Sulle elezioni europee c’è poco da dire, anzi tutto, perché nei commenti post urne, quasi tutti si sono fermati alla superficie, analizzando alchimie e conseguenze immediate sul governo italiano, confondendo piani elettorali, Europa e Italia, Francia e Germania con una leggerezza che non so se sia frutto d’ignoranza o di machiavellismo o se sia una scelta oculata per remestare sempre nel torbido o per confondere sempre di più le cose semplici.
Una cosa sono le elezioni europee con cui si è chiamati a scegliere non la politica nazionale, ma il Parlamento Europeo, cosa diversa sono le elezioni nazionali dove si è chiamati a scegliere il Parlamento che successivamente accorderà la fiducia a chi il Presidente della Repubblica affida l’incarico di formare il governo, tenuto conto dei risultati quantitativi dei voti espressi nell’urna.
Winston Churchill in una elezione inglese prese solo due voti di maggioranza e a chi gli faceva notare che era rischioso governare con un così esiguo scarto, rispose tranquillo e sarcastico: in democrazia uno dei due voti è di troppo. Come a dire che in democrazia non bisogna mai mischiare le pere con le mele, le nespole con le arance e le europee con le votazioni interne. Strana democrazia quella che cambia piani e modelli a piacimento o secondo i risultati, come aggrada agli apparenti vincitori.

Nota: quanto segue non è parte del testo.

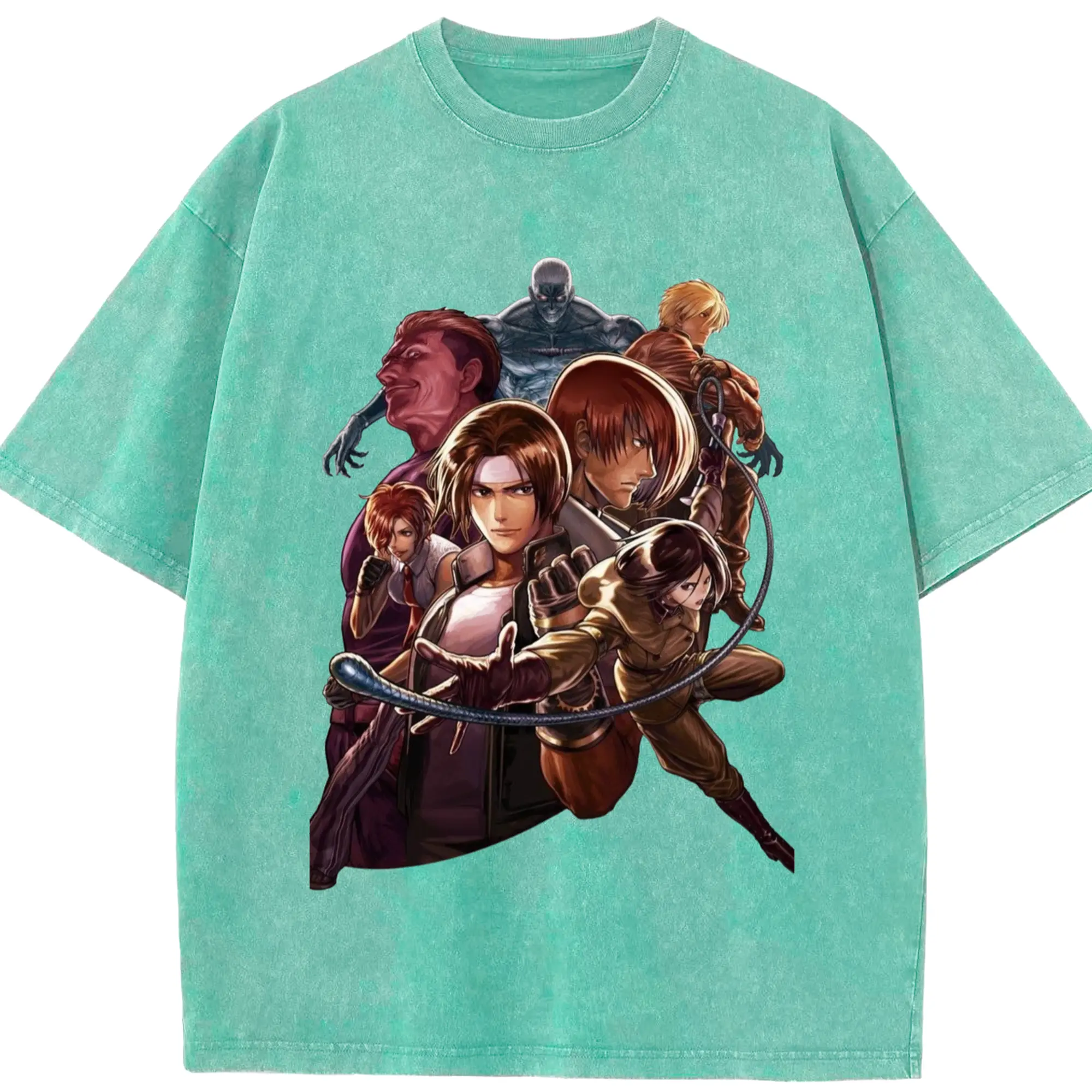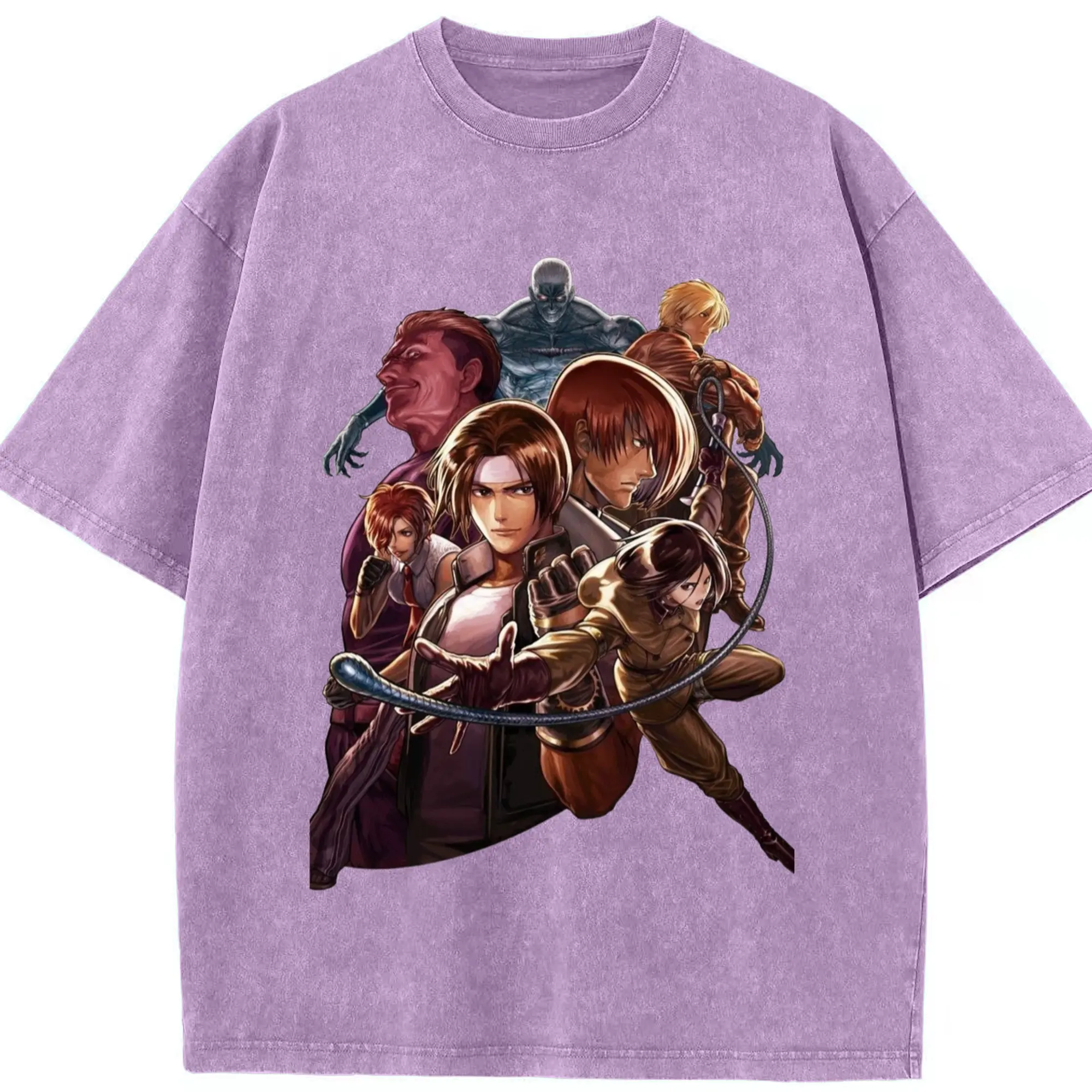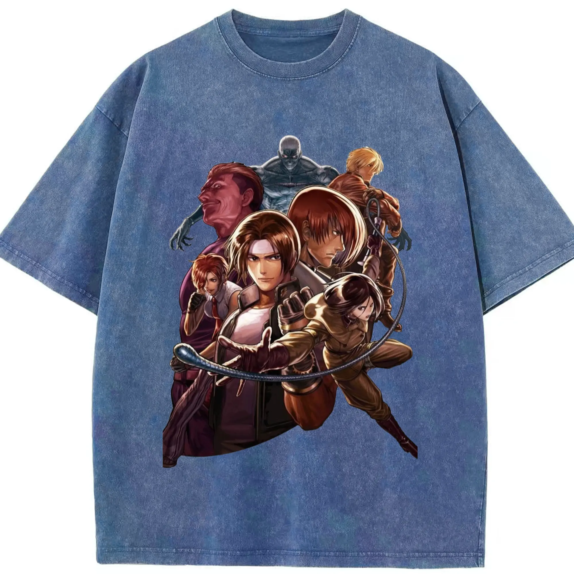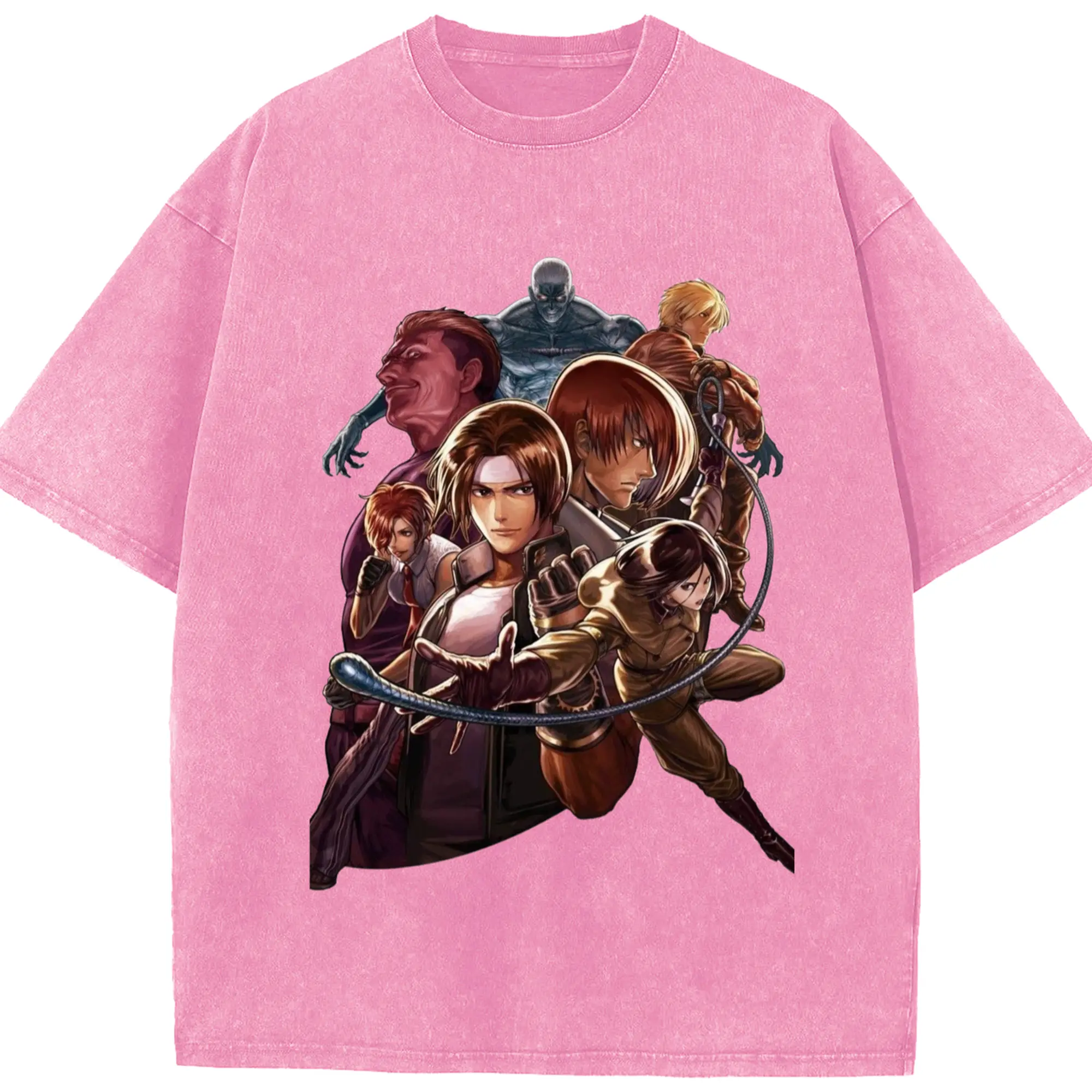 The king of fighters collage tee - Washed Vintage Look 230g Cotton Oversized T-Shirt With Front Heat Transfer Print – Soft, Lightweight, Stylish Fit – Comfortable Casual Wear For Sports & Everyday Use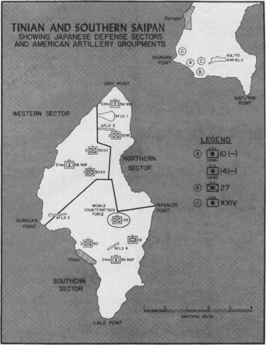 To give the 4th more punch immediately after landing, the 2d was stripped of some of its firepower, such as tank and artillery units. It would, accordingly, be at the lowest strength at Tinian of any Marine division involved in an amphibious operation in World War II.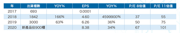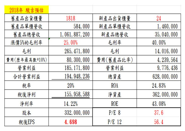 投資就是算與賭 沒有確定性僅有可能性2018年2月起應該可以看到每月營收YOY+50%以上持續到年底、進入第二季現有175櫃月產能應該就能看到滿載情況,而產能滿載局面下公司又調漲產品價格,要知道在成本與費用沒有增加多少情況下,漲價的絕大部分全都跑到淨利去了,加上超高毛利率與淨利率的熱浸鍍鋅釘產品預計2018/ Q1開始試做到下半年能漸漸放量,所以2018年駿吉每股稅後盈餘4.6元應該是有機會的,若用本益比8倍到11倍估值計算,2018年駿吉理論估值波動區間應該在37~55元;2018/Q4公司應該就能騰出手來將二廠的二期75櫃產能的後段製程設備購入並試產,進入到2019年公司的月產能就是250櫃(相較2018年+42%),預計全年最大出貨櫃數三千櫃應該是不成問題,至於2019年公司是否還會繼續調漲售價這還要再追蹤(但不可能降價),也就是說2019年光是增量部分的YOY就超過60%,所以2019年駿吉每股稅後盈餘推估在6.3元,若用本益比8倍到11倍估值計算,2019年駿吉理論估值波動區間應該在50~75元。注意!從這篇文章見刊起到2019年底止約22個月,目前駿吉每股報價37元,若2019年估值模型成立,白話文就是用22個月去等倍數利潤發生的可能性。至於2020的估計數字是否會發生,就讓我們繼續看下去!
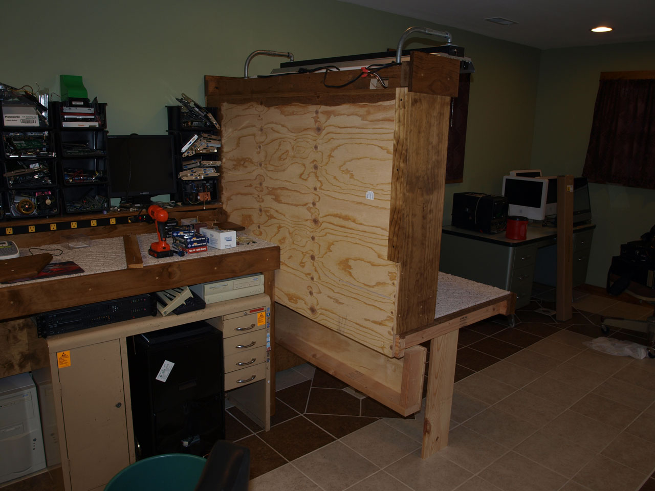 Ok, made some headway this weekend....starting with extending a stack rack on the right side of the bench, for more equipment or whatever....its raised about 4" above the bench work surface.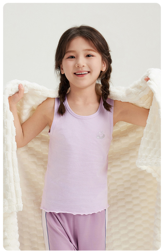 🌈 6款神级设计!娃的夏日衣橱秒变秀场 1️⃣【舒肤棉网眼少儿圆领女背心- 网眼呼吸女童款】 ✅94%棉蜂巢织法,后背3000+透气孔 ✅网眼呼吸,倍感透气! 夏季像装了隐形势力空调 搭配牛仔短裤秒变甜酷女孩 去年买过杂牌网眼洗3次就松垮 三枪这件穿一夏还紧致如新!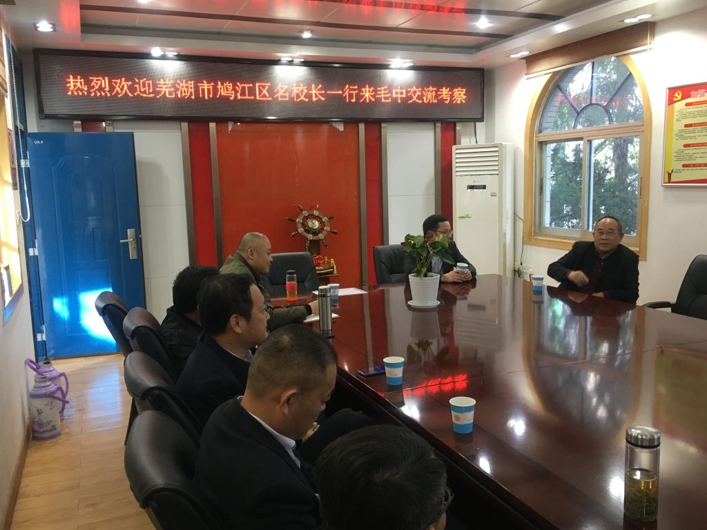 考察团首日先来到省级示范学校毛坦厂中学进行访问。毛中党委副书记周忠等热情接待了考察团一行。毛坦厂中学高三年级部程锦副主任参与交流。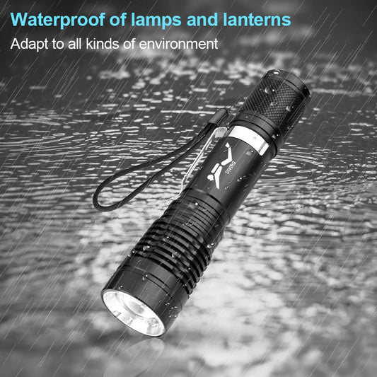 مصباح LED T6 للغوص تحت الماء مقاوم للماء ومضاد للماء وبطارية 18650 فائقة السطوع ومضاد للماء IPX8 ومزود بـ 3 أوضاع ومصباح قوي وفانوس عالي الطاقة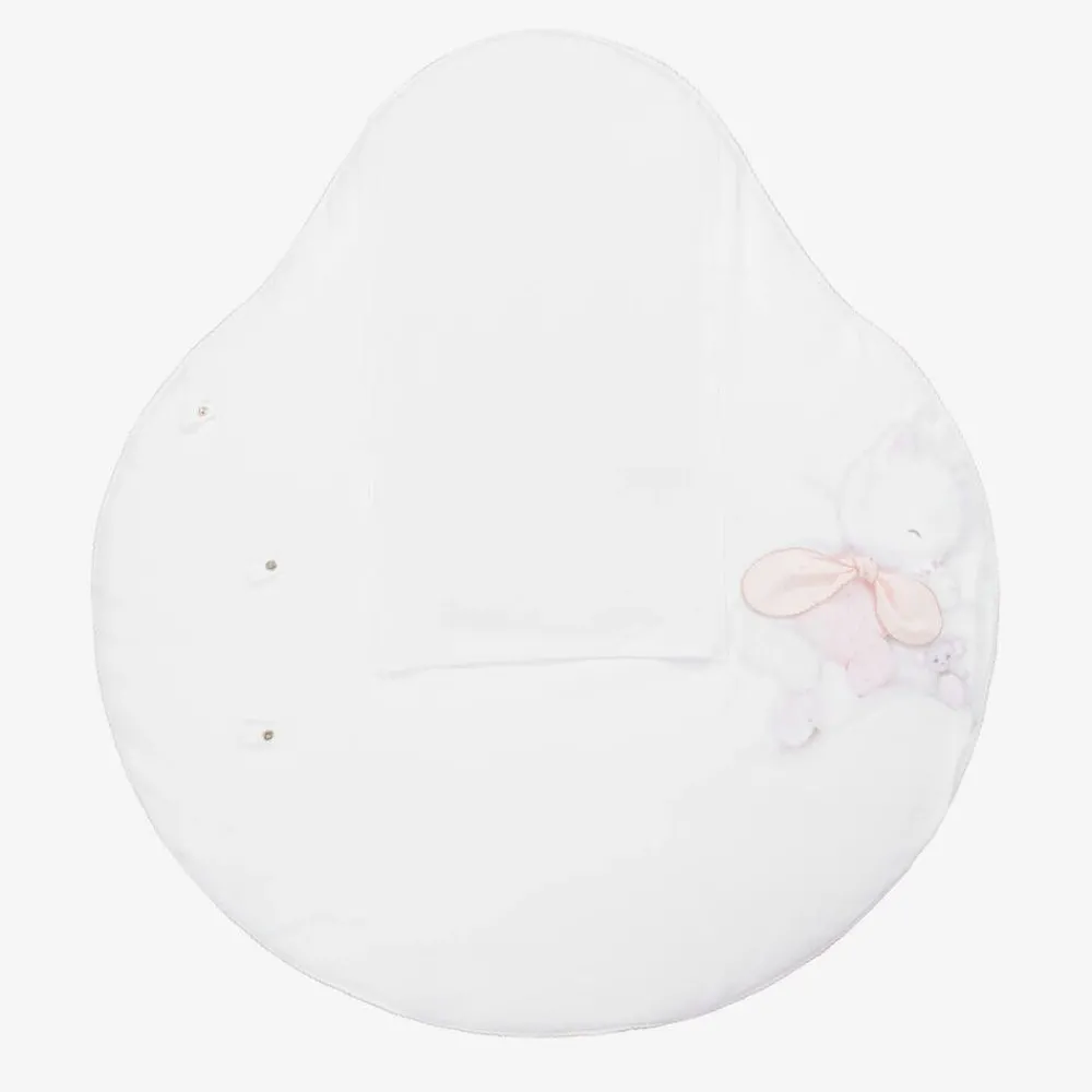 White nest for baby girls by Sofija, exclusive to Childrensalon. Softly padded for comfort, this accessory is made in comfortable cotton jersey for a gentle feel against baby's skin. It has a pale pink lining with glittery silver stars and an adorable kitten print on the front. The knotted bow appliqué and the delicate beige picot trims add lovely finishing details. The nest has a removable coir mat, allowing for a firmer base if required.
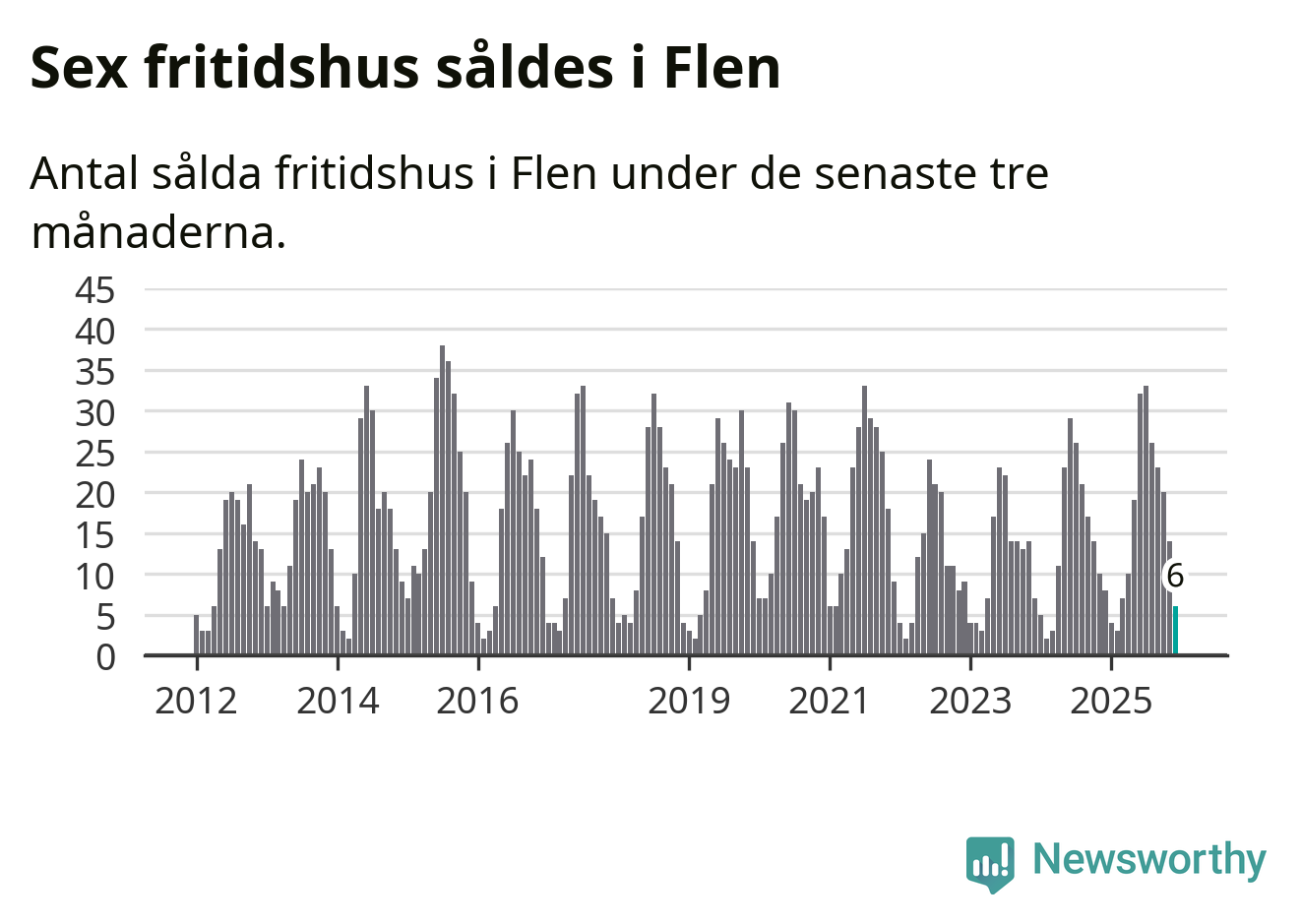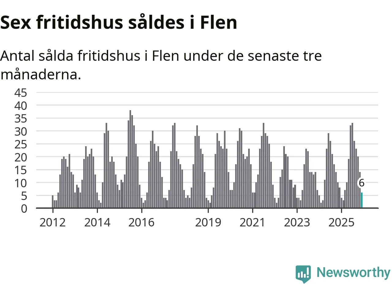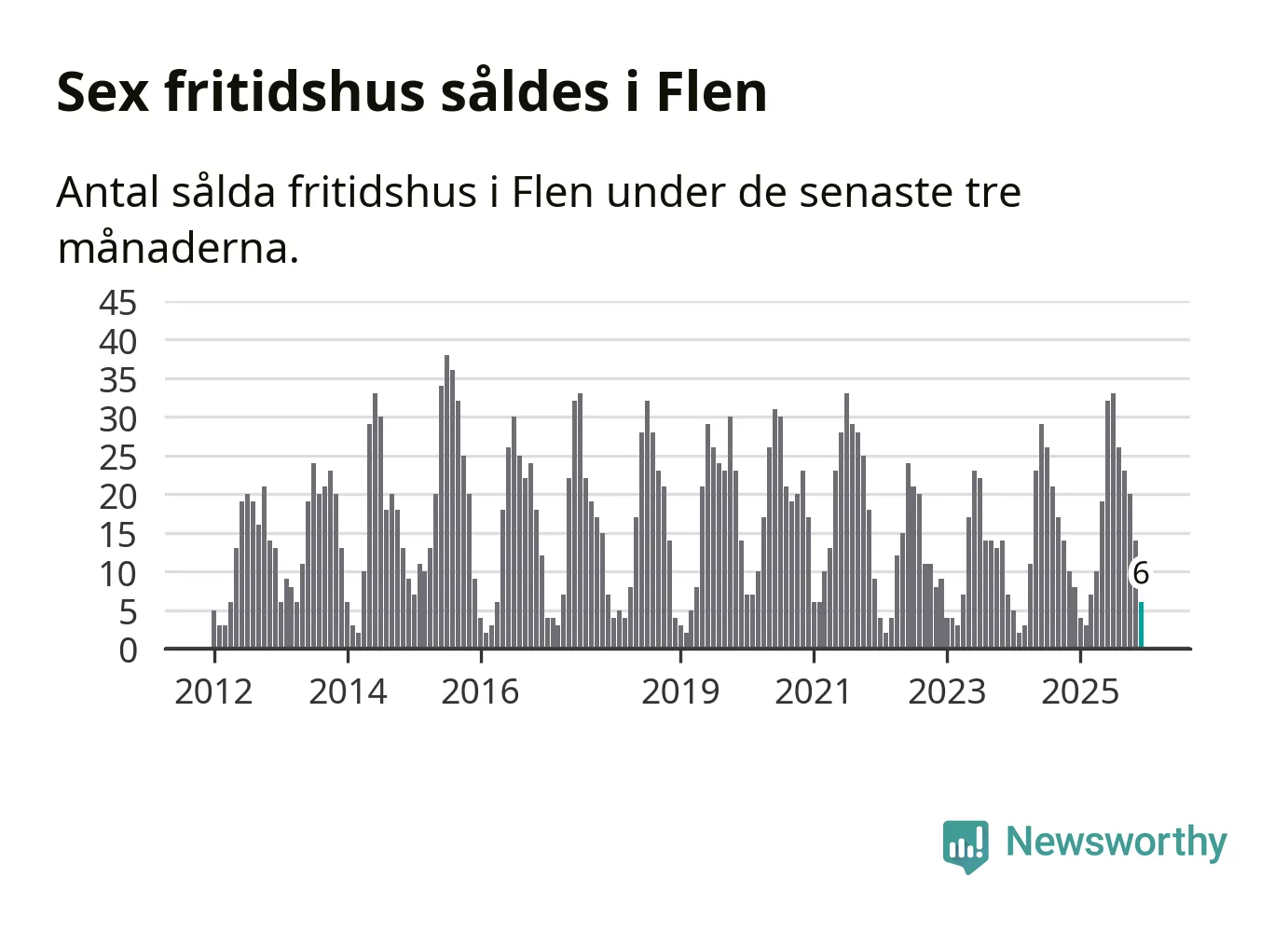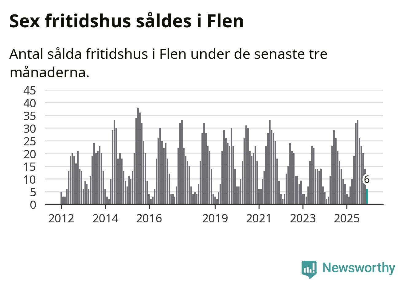 Sammanlagt såldes sex fritidshus i Flens kommun mellan oktober 2025 och december 2025 till ett genomsnittligt pris på 2,4 miljoner kronor. I fjol gjordes åtta affärer vid den här tiden på året.

Sempre che lo voglia e abbia tempo, chi vuole può leggere la mia riflessione (una cartella), pubblicata sul Il Fatto Quotidiano on line del 27 maggio 2019, col titolo: Europee 2019, Gli Italiani hanno votato senza ragionare. La pagheranno amaramente
Poi ognuno tiri le proprie conclusioni, ma ha poco da gioire. Anzi… «non ci resta che piangere» con Troisi, e purtroppo senza di lui.